The problem:
Exclude the pictures, then repeat the remaining data exactly.
─── Recorded information
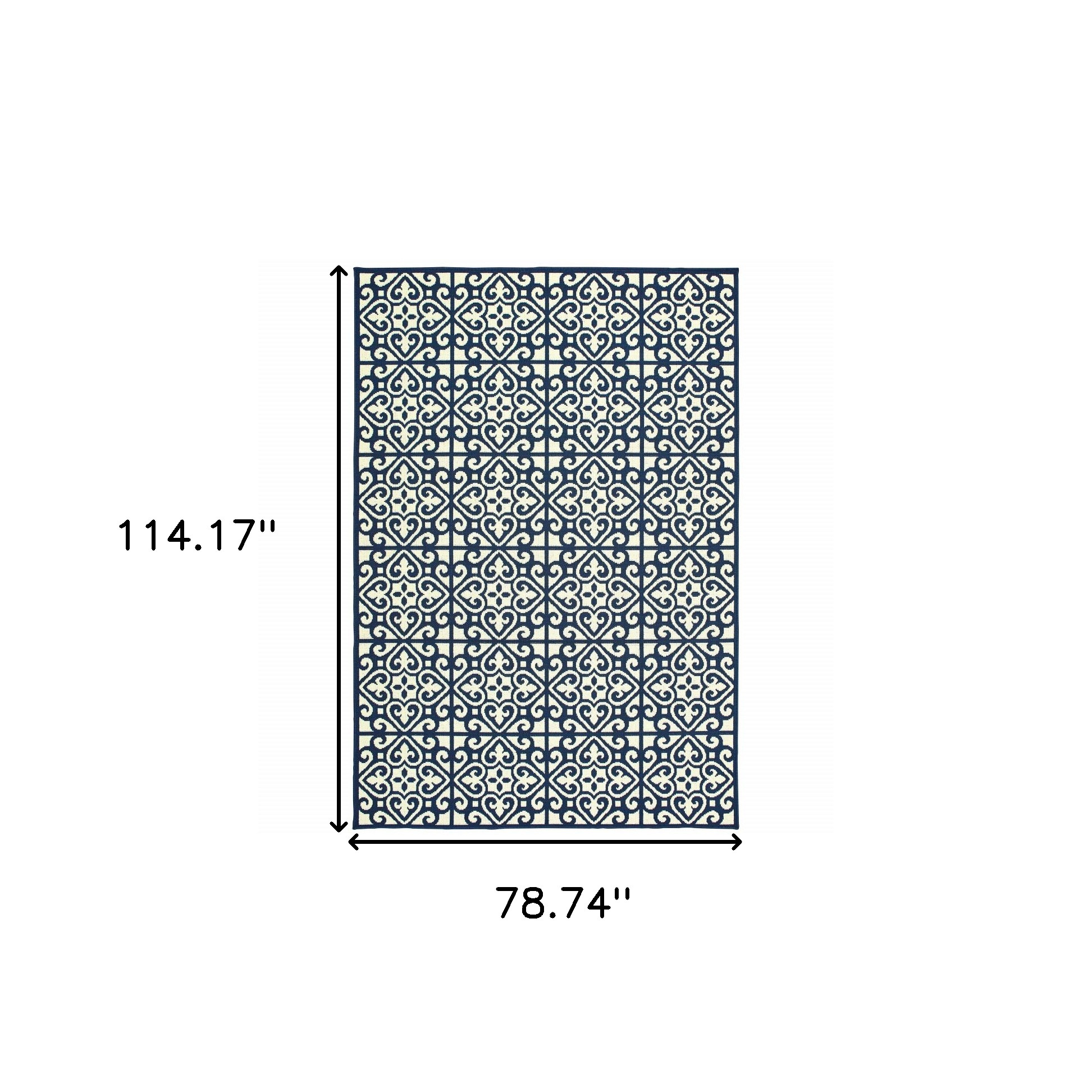 Set an inviting tone in your space with this 7-foot x 10-foot ivory and blue geometric stain resistant indoor outdoor area rug. This rectangle shaped rug features a geometric design in ivory and blue to give it visual interest. A classic shape marries with good looking design for your space Ideal for spaces with kids and pets, this rug is stain resistant to help repel stains and spilled liquids. Place this area rug against a hardwood or tile floor and it will enliven your living space with style and sophistication. 0.07-inch H x 78.74-inch W x 114.17-inch D
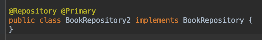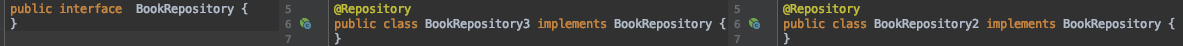 인터페이스 BookRepository 를 상쇽하는 BookRepository2, BookRepository3 을 만들어 bean으로 등록 한하여 의존성 주입하여 테스트 한다.
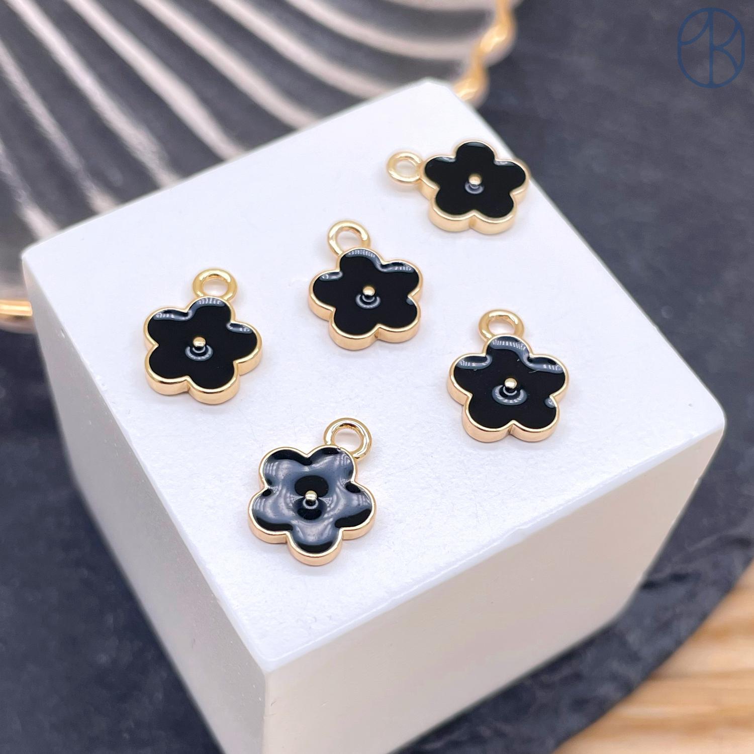 Подвеска цветок черная эмаль, цвет золото 8 мм
──────
Solution for this task:
 Set an inviting tone in your space with this 7-foot x 10-foot ivory and blue geometric stain resistant indoor outdoor area rug. This rectangle shaped rug features a geometric design in ivory and blue to give it visual interest. A classic shape marries with good looking design for your space Ideal for spaces with kids and pets, this rug is stain resistant to help repel stains and spilled liquids. Place this area rug against a hardwood or tile floor and it will enliven your living space with style and sophistication. 0.07-inch H x 78.74-inch W x 114.17-inch D
 인터페이스 BookRepository 를 상쇽하는 BookRepository2, BookRepository3 을 만들어 bean으로 등록 한하여 의존성 주입하여 테스트 한다.
 Подвеска цветок черная эмаль, цвет золото 8 мм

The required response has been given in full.